#### EXERCISE DETAILS
Where the material below has a line containing "На 1 июля в", start repeating exactly, and keep going through the line containing "계단을 내려가도 식당인데", with no other lines.

#### WORKING DATA
========

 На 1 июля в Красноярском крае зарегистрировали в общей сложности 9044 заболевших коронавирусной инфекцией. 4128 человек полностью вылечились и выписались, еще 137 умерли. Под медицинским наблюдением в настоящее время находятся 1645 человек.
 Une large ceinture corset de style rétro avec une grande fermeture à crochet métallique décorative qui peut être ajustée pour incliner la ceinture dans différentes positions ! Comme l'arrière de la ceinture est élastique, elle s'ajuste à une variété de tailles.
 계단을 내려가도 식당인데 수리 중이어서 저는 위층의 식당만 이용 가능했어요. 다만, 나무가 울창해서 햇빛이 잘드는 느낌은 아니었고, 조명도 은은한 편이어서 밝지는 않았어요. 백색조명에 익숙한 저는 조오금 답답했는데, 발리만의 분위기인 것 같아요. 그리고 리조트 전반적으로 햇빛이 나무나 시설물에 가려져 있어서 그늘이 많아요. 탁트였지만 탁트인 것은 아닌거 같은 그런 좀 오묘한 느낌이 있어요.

========

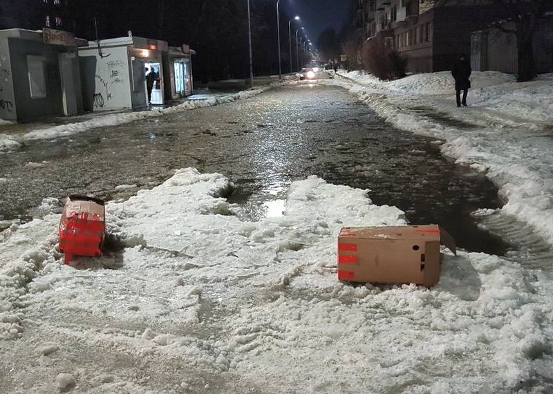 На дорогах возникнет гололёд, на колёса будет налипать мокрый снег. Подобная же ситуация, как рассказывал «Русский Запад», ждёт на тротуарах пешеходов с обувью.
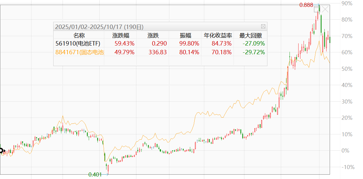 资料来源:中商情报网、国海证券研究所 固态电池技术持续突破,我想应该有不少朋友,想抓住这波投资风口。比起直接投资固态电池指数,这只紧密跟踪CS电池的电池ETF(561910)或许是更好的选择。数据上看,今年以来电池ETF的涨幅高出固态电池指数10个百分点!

========

#### RESPONSE BOX
 На 1 июля в Красноярском крае зарегистрировали в общей сложности 9044 заболевших коронавирусной инфекцией. 4128 человек полностью вылечились и выписались, еще 137 умерли. Под медицинским наблюдением в настоящее время находятся 1645 человек.
 Une large ceinture corset de style rétro avec une grande fermeture à crochet métallique décorative qui peut être ajustée pour incliner la ceinture dans différentes positions ! Comme l'arrière de la ceinture est élastique, elle s'ajuste à une variété de tailles.
 계단을 내려가도 식당인데 수리 중이어서 저는 위층의 식당만 이용 가능했어요. 다만, 나무가 울창해서 햇빛이 잘드는 느낌은 아니었고, 조명도 은은한 편이어서 밝지는 않았어요. 백색조명에 익숙한 저는 조오금 답답했는데, 발리만의 분위기인 것 같아요. 그리고 리조트 전반적으로 햇빛이 나무나 시설물에 가려져 있어서 그늘이 많아요. 탁트였지만 탁트인 것은 아닌거 같은 그런 좀 오묘한 느낌이 있어요.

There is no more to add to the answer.